New Jersey School District Enjoys Success with On-Site Medical Clinic

From: Brian Klepper [mailto:bklepper@gmail.com]
Sent: Monday, May 17, 2010 2:56 PM
To: Brian Klepper
Subject: WeCare’s Tom’s River, NJ Clinic: First 3 Months’ Performance

 On Friday, I reviewed initial (i.e., first three months) claims data from Integrity Health’s and WeCare’s Partnership Health Care for the School District in Tom’s River, NJ. Here are some general observations.

 I compared total paid claims for November-Jan 2008-09 and 2009-10. I excluded claims greater than $10,000, because it is unlikely that the clinic had any impact on these shock losses, especially during its first three months of operations. Nor does this part of the analysis consider drug costs. I am still working on those.

 In November-January 2008-09, total claims <$10,000 for an average of 2,195 employees (or 5,648 covered lives) equaled $5.116 million, or $2,330.60 per employee ($9,322.38 per employee per year (PEPY)). Factor in a 6% health care inflation rate for 2009 (per the KFF/HRET Survey of Employer Health Benefits, 9/2009), and we would expect the present value of the 2008-09 PEPY cost to rise to $9,881.72.

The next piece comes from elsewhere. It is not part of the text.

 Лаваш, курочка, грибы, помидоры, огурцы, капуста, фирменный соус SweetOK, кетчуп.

 In November-January 2009-10, total claims <$10,000 for an average of 2,223 employees (or 5,720 covered lives) equaled $4.404 million, or $1,981.17 per employee ($7,924.70 PEPY).

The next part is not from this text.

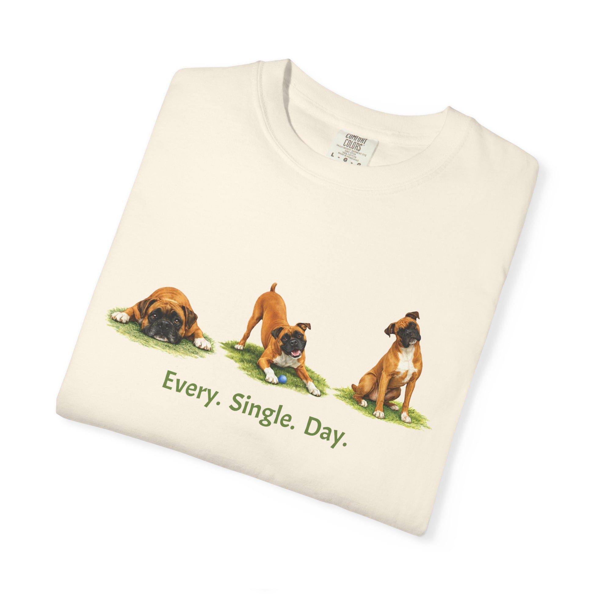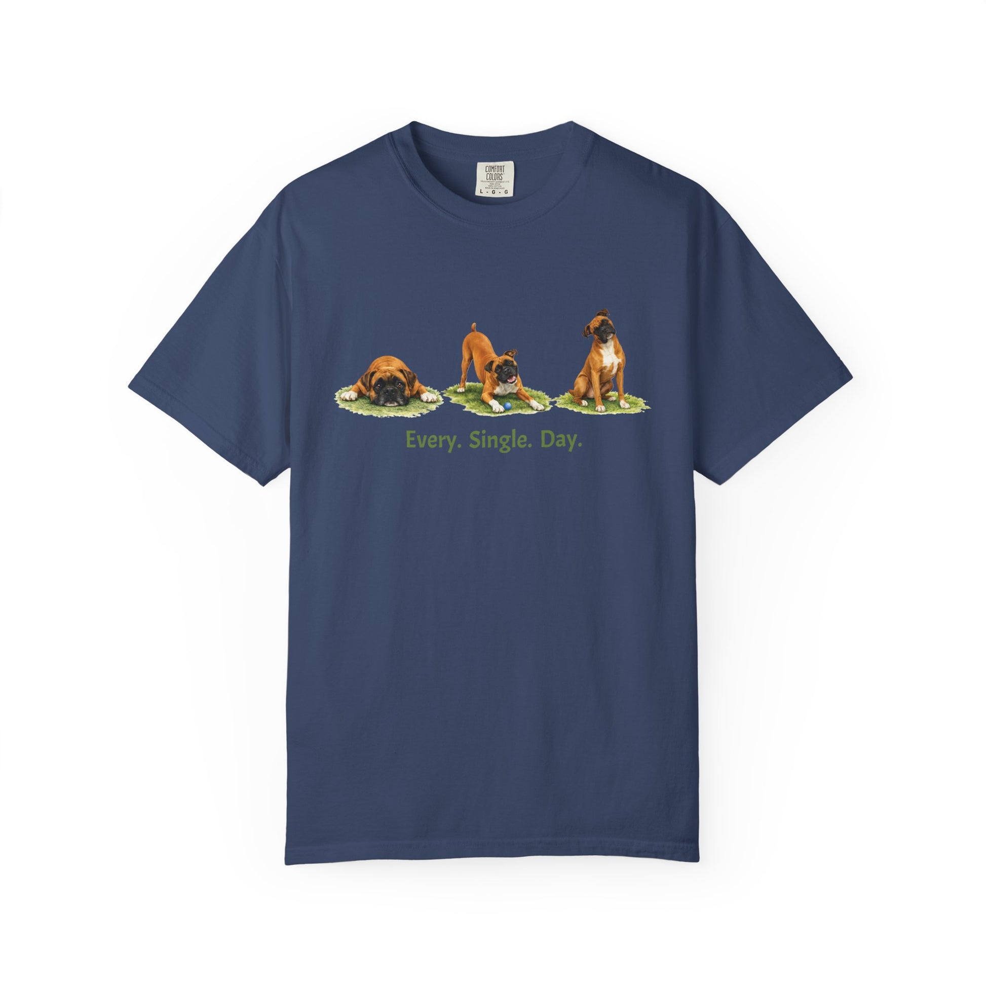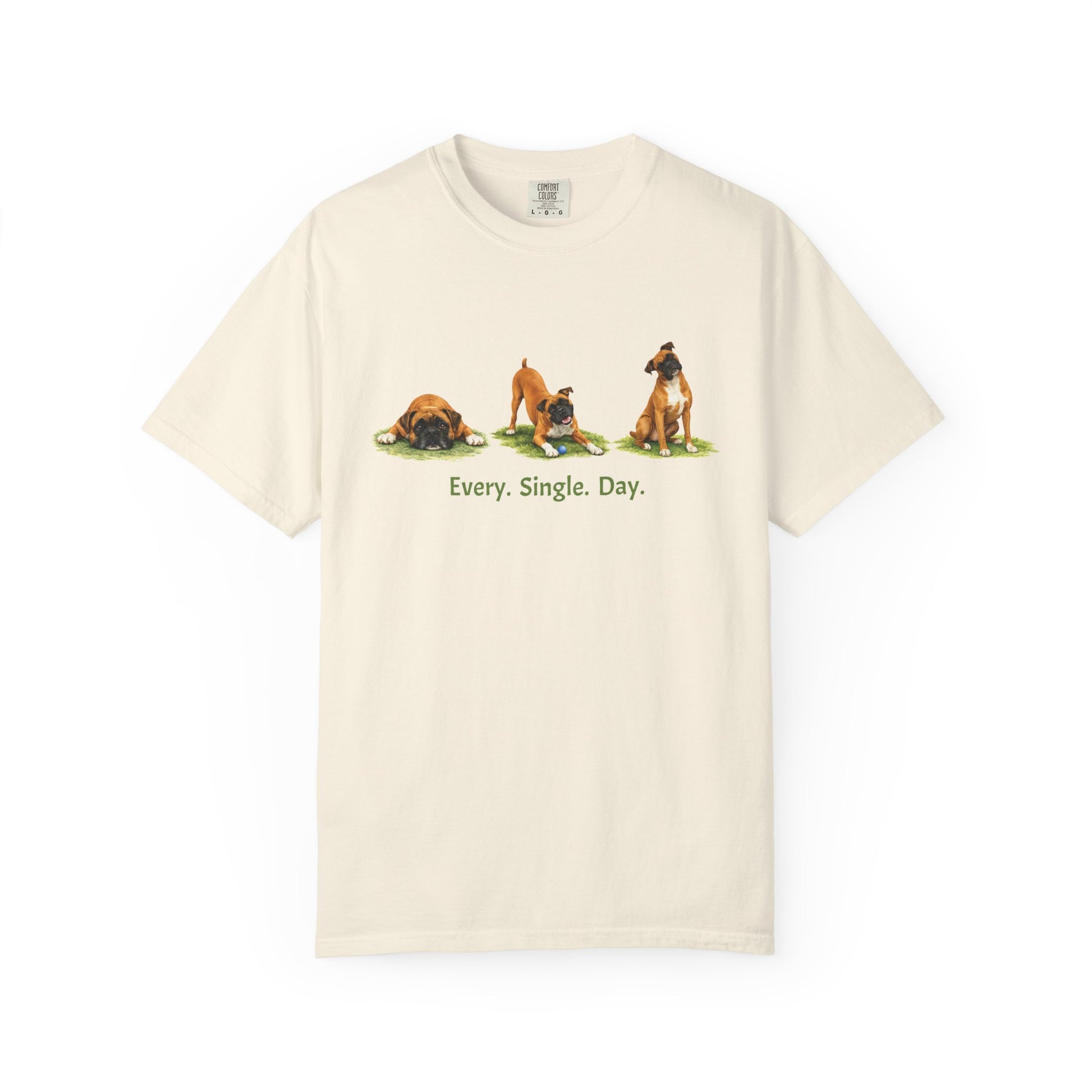 This illustrated design captures the full daily Boxer routine in three perfectly recognizable moments: the floor melt, the play bow, and the classic sit-and-study stare. If you know, you know.

 In other words, the annualized average cost per employee, not including drugs, has dropped by $1,957 or 19.8%. At the current number of employees, this impact can reasonably be expected to translate into annualized savings of $4.35 million.

 In the first 3 months of clinic operations, the PEPM operational cost + management fee averaged $69.24, or, annualized, about $1.85 million. This projects an estimated first year net savings of $2.5 million ($1,125/employee) due to the clinic. It also projects a return on investment of 2.35:1, not including Rx impact.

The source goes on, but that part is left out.